A associação de futebol e sexo parece-me aceitável: são duas actividades físicas apreciadas por qualquer homem que se preze; a mulher tem em ambos, cada vez mais, uma palavra a dizer; e ambos são mais apreciáveis acompanhados de cerveja.
O que Fernando Gomes conseguiu foi colocar os dois pontos de exclamação destes dois estimulantes oásis de forma equiparada. Provocou gargalhadas, alguns trejeitos de cepticismo e protestos de indignação. Eu consegui juntar estas três reacções: ri-me pelo carácter jocoso da frase; torci o nariz quando comecei a pensar sobre o assunto; protestei quando cheguei a uma conclusão palpável.

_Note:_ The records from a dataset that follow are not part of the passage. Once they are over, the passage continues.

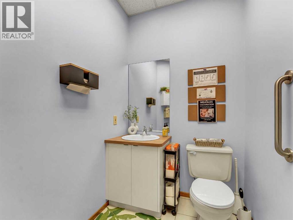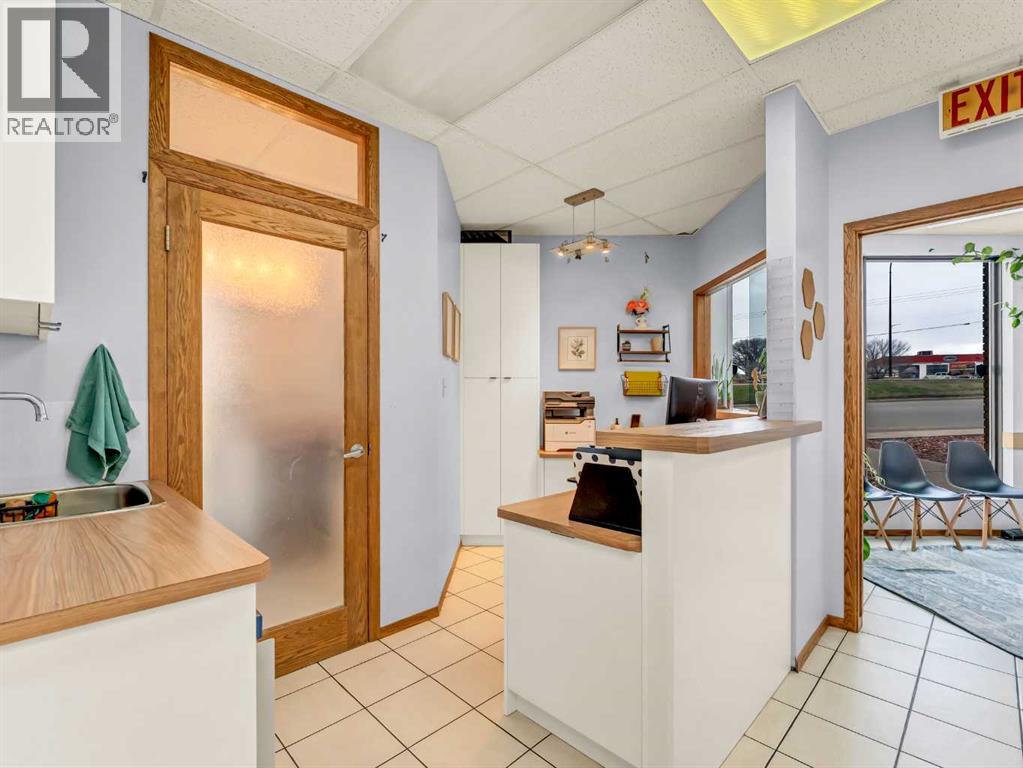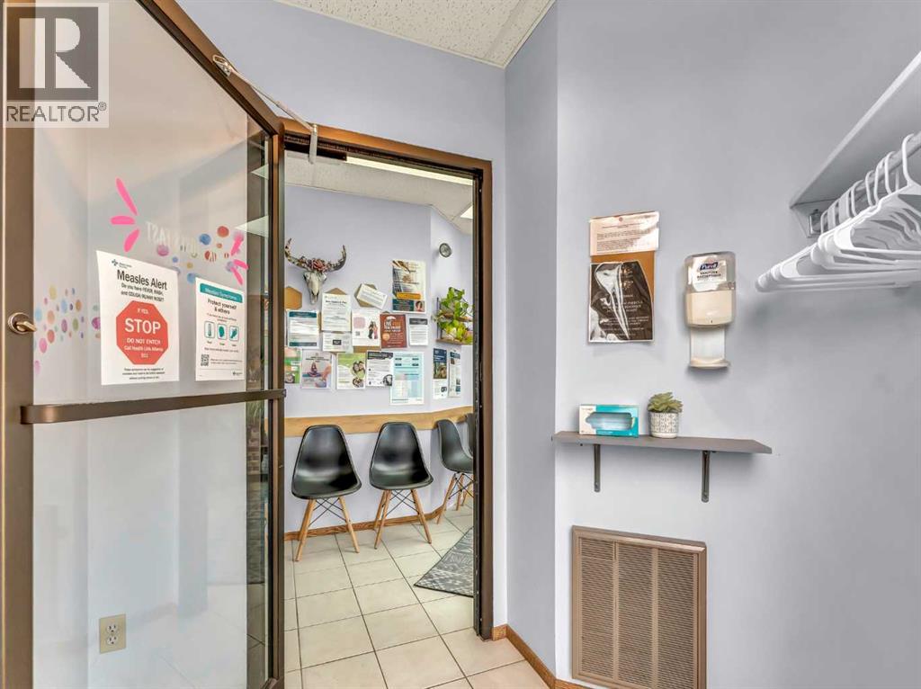 Opportunity knocks with this clean, functional, and professional commercial space located in a well established building housing medical and consulting businesses. Whether you’re looking to open a clinic, wellness practice, or professional office, this space is well suited to support your operation from day one. The layout offers a front reception area with designated waiting space, 3 private exam/patient rooms, a staff kitchen/lunchroom, and a 2-piece bathroom. The efficient floor plan allows for easy customization depending on your business needs. Located on a high exposure corner, this property benefits from strong visibility and easy access, complemented by ample on-site parking for both staff and clients. MU (Mixed Use) zoning provides added flexibility for a variety of permitted uses. Lease rate is $2,000/month + Utilities. An excellent opportunity to establish or expand your business in a proven professional setting. All office equipment, medical office furniture, and cabinetry are negotiable and may be included subject to the agreed-upon lease terms. This property is also for sale (MLS #A2302558). (id:51989)
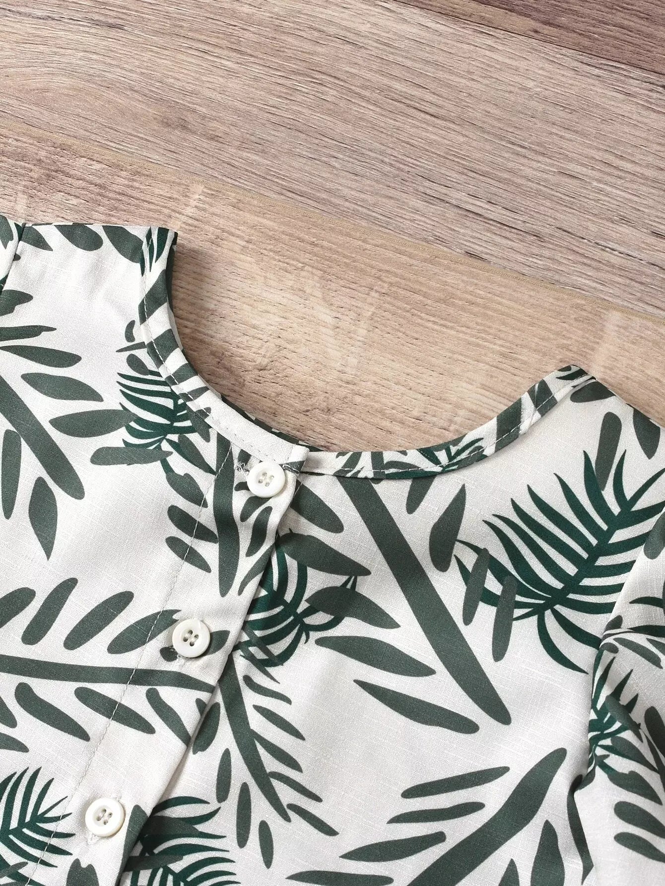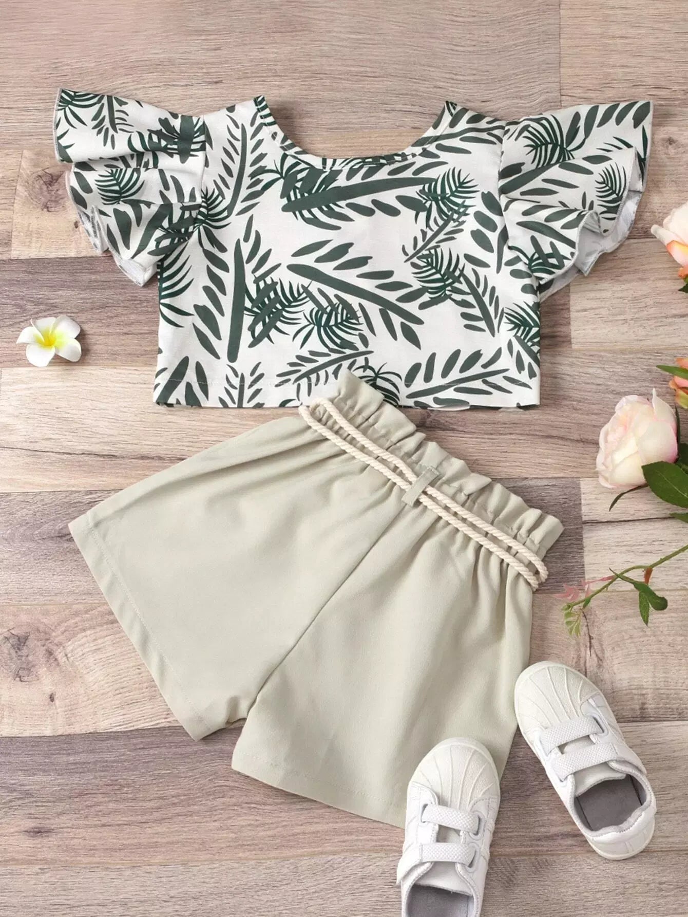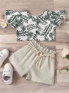 شورت علوي مطبوع عليه نباتات للفتيات الصغيرات بدون حزام
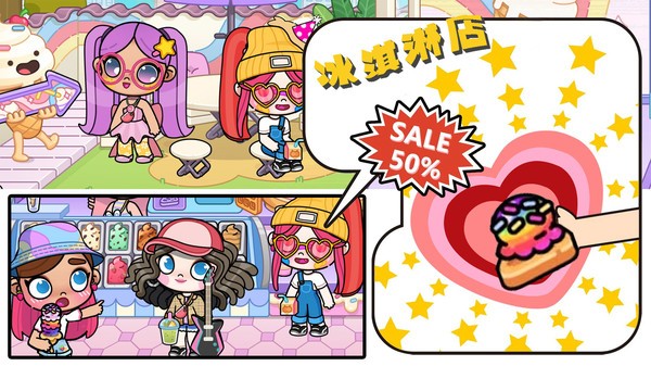 3. 社交场景探索:开放美食餐厅、公寓、美发沙龙等十余个场景,玩家可在SPA沙龙为角色进行面部护理,或在服装店试穿上百亿种脸型搭配的服饰组合。
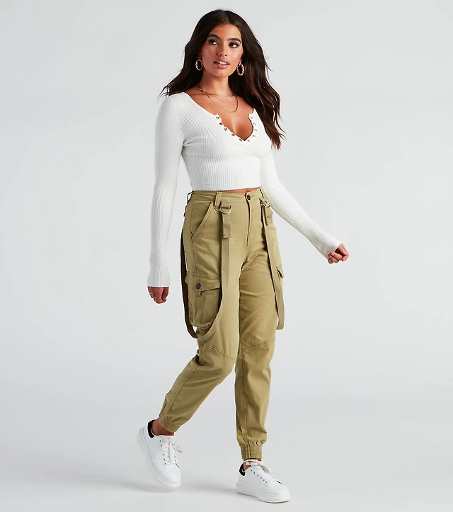 Look Again Ponte High-Rise Cargo Joggers
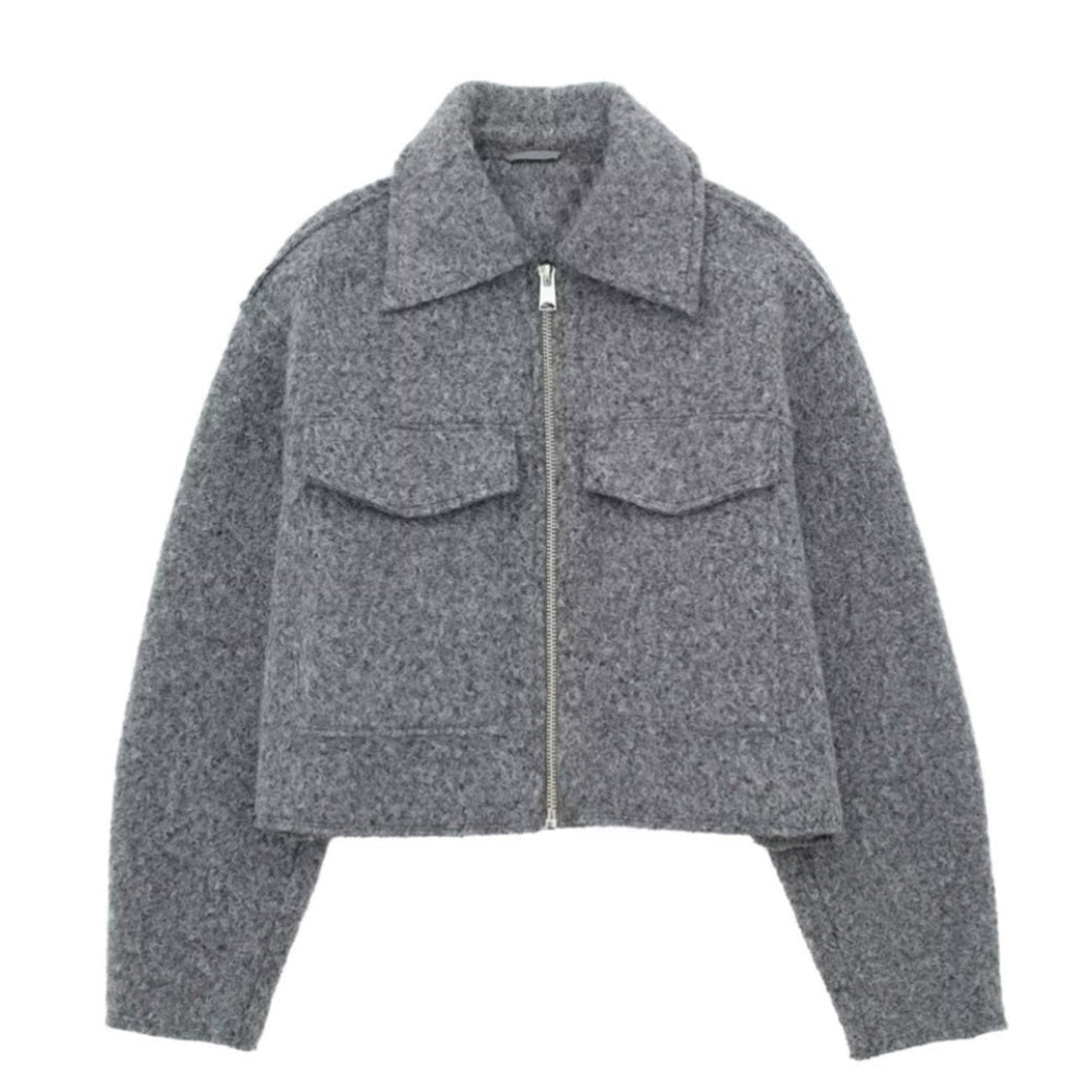 Denne korte uldjakke er det ideelle valg til overgangsperioder, hvor stil og komfort skal gå hånd i hånd. Den strukturerede overflade og den klassiske lynlåslukning giver jakken et råt, men sofistikeret udtryk. Med brystlommer og skarp krave bringer den et utility-inspireret look ind i en tidløs silhuet, som kan styles både afslappet og elegant.
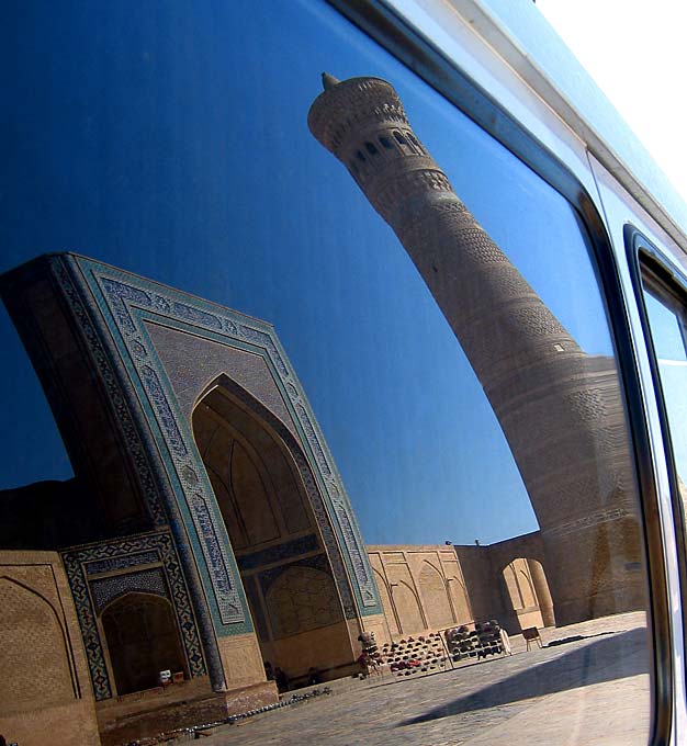 Мечеть и минарет Колон в Бухаре отражаются в окне автомобиля.

A conclusão é simples: tudo depende do golo e tudo depende o orgasmo. Na vida, de facto, tudo depende do que estamos a falar. Eu sou pão, pão, queijo, queijo, até porque não gosto de queijo e dessa forma posso comer só o pão. Mas a questão não é essa.
A questão é que um golo do meu Porto, marcado pelo Rodriguez, no último minuto de um jogo com o Benfica no Estádio da Luz, que decide o título, com o jogo empatado a zero, e na sequência de um contra-ataque rápido após penalty falhado pelo Reyes bate qualquer orgasmo que eu alguma vez possa ter na vida. Aliás, bate qualquer coisa que eu alguma vez possa ter na vida.
 A minha namorada irá ler isto e irá tentar, esforço ao qual não me vou opor, fazê-lo, mas provocar-me um orgasmo que me faça gritar mais que este hipotético golo vai ser missão impossível.